CQL workload template
This YAML file is designed as a basic foundation for continuing to learn NoSQLBench capabilities as well as a starting point for customizing for your own testing needs.
You will notice that the number of cycles are minimal to support local testing to ensure that your configuration is constructed properly. When customizing these for real-world tests, the values can be set to millions or more! That is where the full power of NoSQLBench shines to generate critical metrics for analysis to make a system more robust.
description: >2
A cql-starter workload.
* Cassandra: 3.x, 4.x.
* DataStax Enterprise: 6.8.x.
* DataStax Astra.
scenarios:
default:
schema: run driver=cql tags==block:schema threads==1 cycles==UNDEF
rampup: run driver=cql tags==block:rampup cycles===TEMPLATE(rampup-cycles,1) threads=auto
main: run driver=cql tags==block:"main.*" cycles===TEMPLATE(main-cycles,10) threads=auto
# rampdown: run driver=cql tags==block:rampdown threads==1 cycles==UNDEF
astra:
schema: run driver=cql tags==block:schema-astra threads==1 cycles==UNDEF
rampup: run driver=cql tags==block:rampup cycles===TEMPLATE(rampup-cycles,10) threads=auto
main: run driver=cql tags==block:"main.*" cycles===TEMPLATE(main-cycles,10) threads=auto
params:
a_param: "value"
bindings:
machine_id: ElapsedNanoTime(); ToHashedUUID() -> java.util.UUID
message: Discard(); TextOfFile('data/cql-starter-message.txt');
rampup_message: ToString();
time: ElapsedNanoTime(); Mul(1000); ToJavaInstant();
ts: ElapsedNanoTime(); Mul(1000);
blocks:
schema:
params:
prepared: false
ops:
create-keyspace: |
create keyspace if not exists <<keyspace:starter>>
WITH replication = {'class': 'SimpleStrategy', 'replication_factor': '<<rf:1>>'}
AND durable_writes = true;
create-table: |
create table if not exists <<keyspace:starter>>.<<table:cqlstarter>> (
machine_id UUID,
message text,
time timestamp,
PRIMARY KEY ((machine_id), time)
) WITH CLUSTERING ORDER BY (time DESC);
schema-astra:
params:
prepared: false
ops:
create-table-astra: |
create table if not exists <<keyspace:starter>>.<<table:cqlstarter>> (
machine_id UUID,
message text,
time timestamp,
PRIMARY KEY ((machine_id), time)
) WITH CLUSTERING ORDER BY (time DESC);
rampup:
params:
cl: <<write_cl:LOCAL_QUORUM>>
idempotent: true
ops:
insert-rampup: |
insert into <<keyspace:starter>>.<<table:cqlstarter>> (machine_id, message, time)
values ({machine_id}, {rampup_message}, {time}) using timestamp {ts};
rampdown:
ops:
truncate-table: |
truncate table <<keyspace:starter>>.<<table:cqlstarter>>;
main-read:
params:
ratio: <<read_ratio:1>>
cl: <<read_cl:LOCAL_QUORUM>>
ops:
select-read: |
select * from <<keyspace:starter>>.<<table:cqlstarter>>
where machine_id={machine_id};
main-write:
params:
ratio: <<write_ratio:9>>
cl: <<write_cl:LOCAL_QUORUM>>
idempotent: true
ops:
insert-main: |
insert into <<keyspace:starter>>.<<table:cqlstarter>>
(machine_id, message, time) values ({machine_id}, {message}, {time}) using timestamp {ts};
Before running NoSQLBench scenario, let’s take a look at the layout of the file.
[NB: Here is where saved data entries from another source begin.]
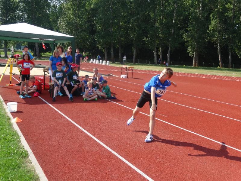 Celine Ladehoff (w13) hatte sich für Kugelstoß und 800m Lauf entschieden. Dass die Kugel bei 7,18m landete, löste bei ihr große Freude aus, zumal sie damit auch eine neue PB vorweisen konnte. Der 800m Lauf fiel dann wie auch bei den anderen Athleten der Hitze zum Opfer.
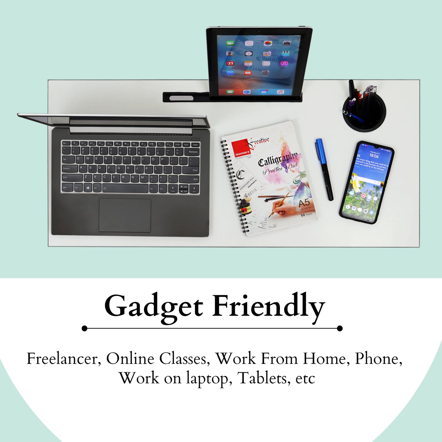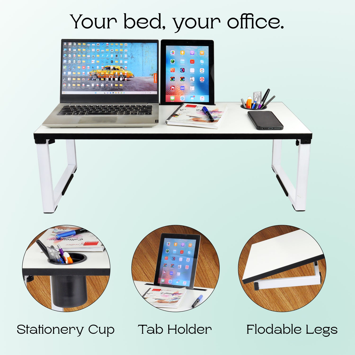 - The large table-top size facilitates you to keep laptop, mobile phone, cards, notebook, stationery instruments, coffee, ipad/tablets on one table.
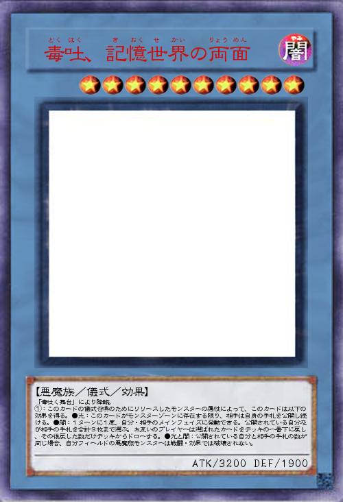 | 「毒吐く舞台」により降臨。 ①:このカードの儀式召喚のためにリリースしたモンスターの属性によって、このカードは以下の効果を得る。●光:このカードがモンスターゾーンに存在する限り、相手は自身の手札を公開し続ける。●闇:1ターンに1度、自分・相手のメインフェイズに発動できる。公開されている自分及び相手の手札を合計3枚まで選ぶ。お互いのプレイヤーは選ばれたカードをデッキの一番下に戻し、その後戻した数だけデッキからドローする。●光と闇:公開されている自分と相手の手札の数が同じ場合、自分フィールドの悪魔族モンスターは戦闘・効果では破壊されない。 | |||
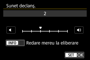 : Mod declanşator], cu [Redare mereu la eliberare] selectat în setările [Sunet declanş.].
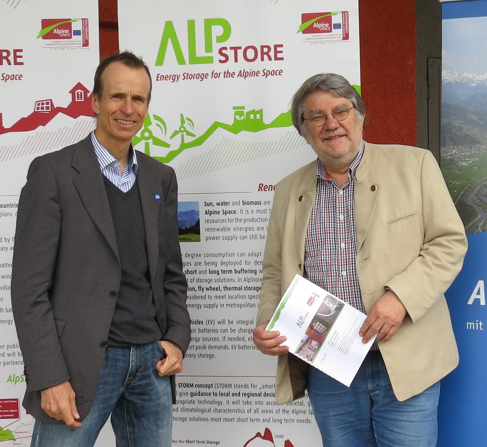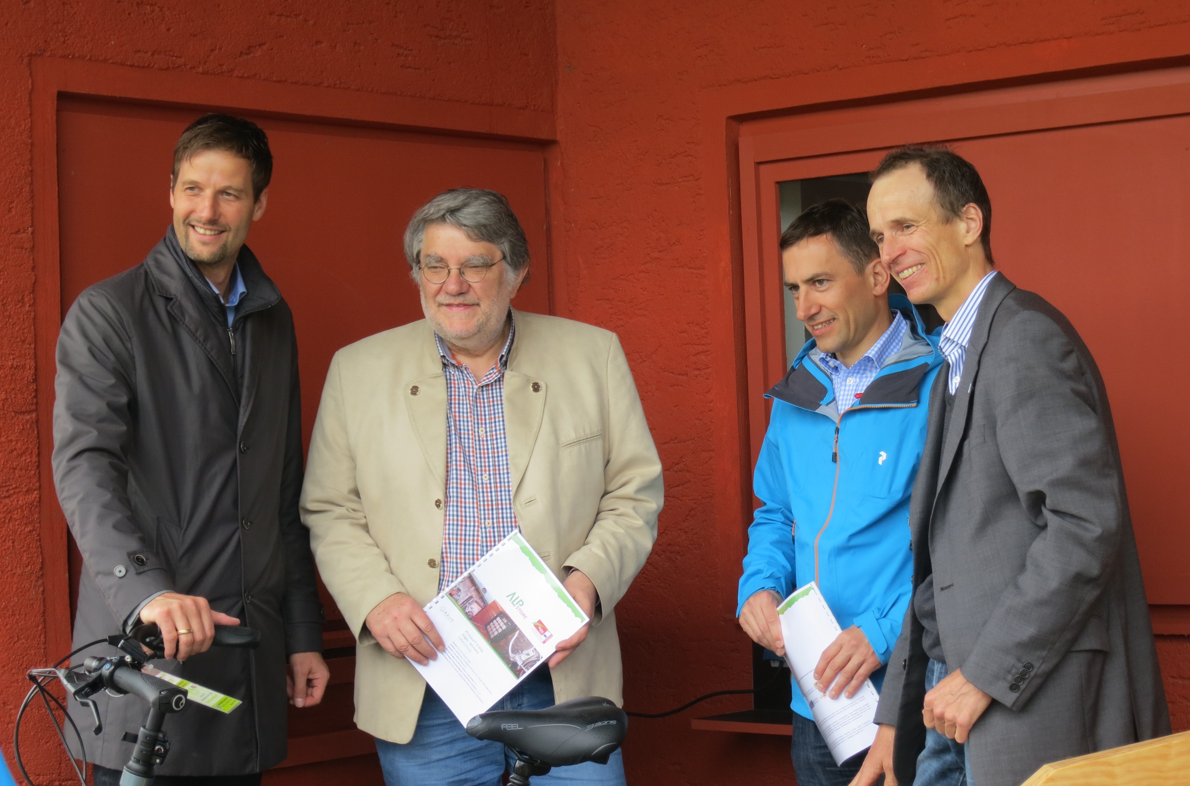 Kick-off for the PV-StorePlus E-Bike station at the Biberhof (f.l.t.r.): Ludwig Karg (CEO of B.A.U.M.), Andreas Repper (Climate Manager of Sonthofen), Martin Sambale (CEO of eza!), Dr. Hubert Lechner (CEO of AKW), Christian Wilhelm (Mayor of Sonthofen) | Heads of the AlpStore team in the Allgäu: Martin Sambale (CEO of eza!) and Ludwig Karg (CEO of B.A.U.M.). |
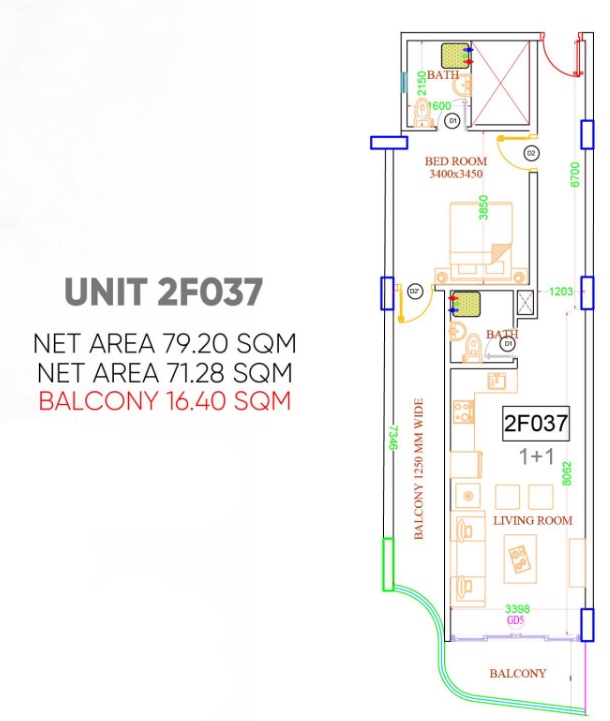 Apartmán má prostornou ložnici se svým vstupem na balkon. Obývací pokoj je spojen s kuchyni a též disponuje balkonem s panoramatickými výhledy na ománské pobřeží a okolní krajinu. Jednotka je zpracovaná ve vysokém technickém standardu a s designovými prvky ve východním stylu. Jednotka je plně vybavená kvalitním nábytkem. Klimatizace je zde samozřejmostí.
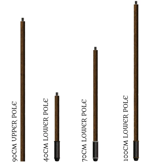 Všechny díly ratiště mají povrch z kvalitní a odolné PUR pěny, která věrně imituje texturu tmavého dřeva, což dodává sestavené zbrani autentický vzhled pro fantasy i historické LARPy. Mají příjemný obvod rukojeti 11 cm. Spojení mezi díly a hlavicí zajišťuje pevný a spolehlivý závit z nerezové oceli 304 (délka viditelného závitu je 2 cm).
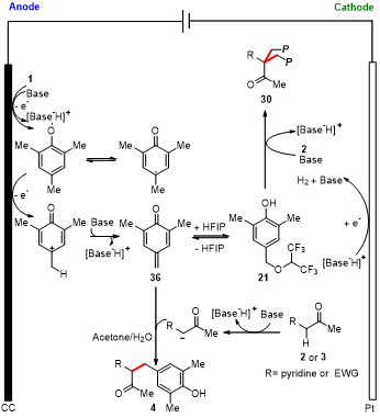 最后,作者对反应机理进行了深入的研究,首先在两种溶剂体系中进行循环伏安的测试,都表明均三甲酚的氧化电势小于吡啶酮,证明均三甲酚优先在阳极发生电氧化,从而生成对亚甲基苯醌中间体36。通过自由基捕获和自由基钟实验,排除了该反应经历自由基偶联的机理。当用HFIP作溶剂时,作者分离到HFIP与均三甲酚脱氢偶联的产物21,该中间体的生成相当于稳定了对亚甲基苯醌,对双烷基化的发生起到至关重要的作用。此外,结合核磁跟踪实验和控制实验,作者提出了该反应可能的反应机理(图4)。
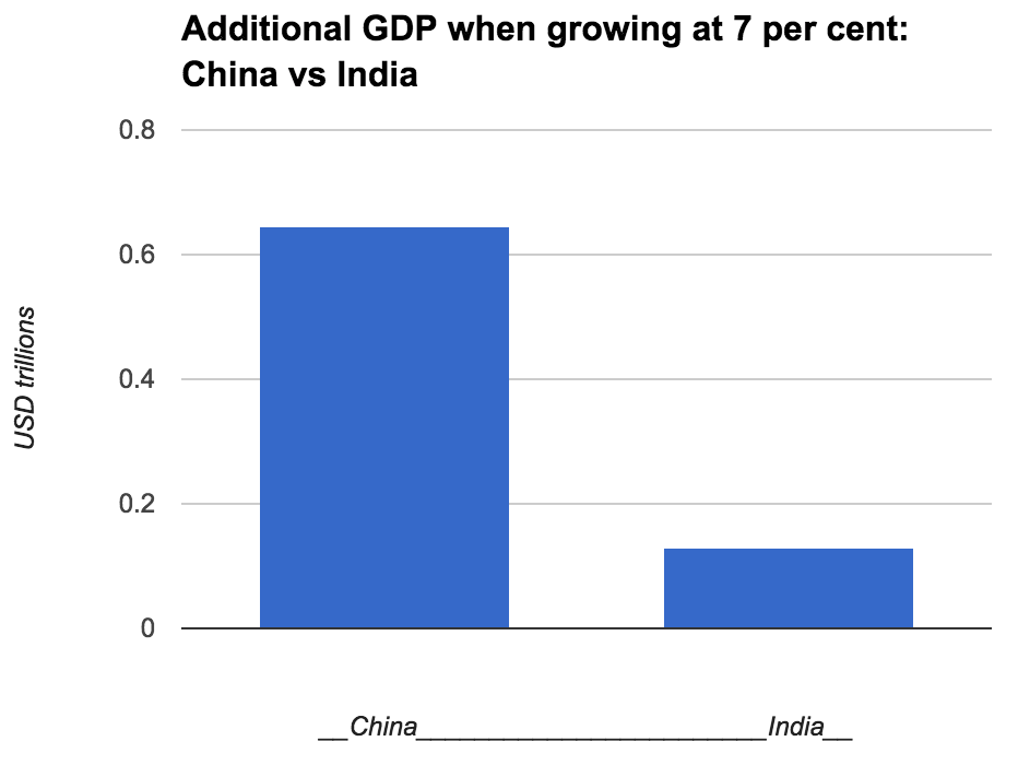 Here’s how much extra GDP the two giants add when they both grow at seven percent.

Most of this will be the same layout structure used in all NB5 workload files so this helps to reveal a large amount of the basics. This is called a workload template.
Starting from the top of the workload template, the primary sections include:
- Description - A way to describe what the workload does.
- Scenarios - A set of named scenarios for detailing the intent of the workload and defines that for various blocks (e.g. schema, rampup, main, etc.).
- Params - Optional parameters of interest to reference for applying values.
- Bindings - Named recipes for generated data. These are referenced in block operations.
- Blocks - Where the labeled operations reside (e.g. schema, rampup, and main).
- Schema - A block section where the schema is actually defined and created.
- Rampup - A block section for data setup that becomes the backdrop for testing; it’s the density of data outside the metrics collected in the main block.
- Main - A block section that is the target of metrics collection activities.
This may look overwhelming at first glance, but the magic of what can be done for load testing target resources becomes more apparent as settings are tweaked for various test cases.
Basic Operations
The workload operations in the cql-starter are quite basic, and this is on purpose. The intent is to focus on a simple set of read and write operations to understand how to work with NoSQLBench and Cassandra using basic, direct CQL.
Table and Keyspace
For the default scenario workload, a simple table named ‘cqlstarter’ will be created with a keyspace named ‘starter’. There will be three fields for our table:
- machine_id
- message
- time
The machine_id is a unique identifier type, the message field is a text type, and the time is a timestamp type.
Since the example is designed to be run locally, the Cassandra keyspace replication is defined using a SimpleStrategy with a replication factor of one.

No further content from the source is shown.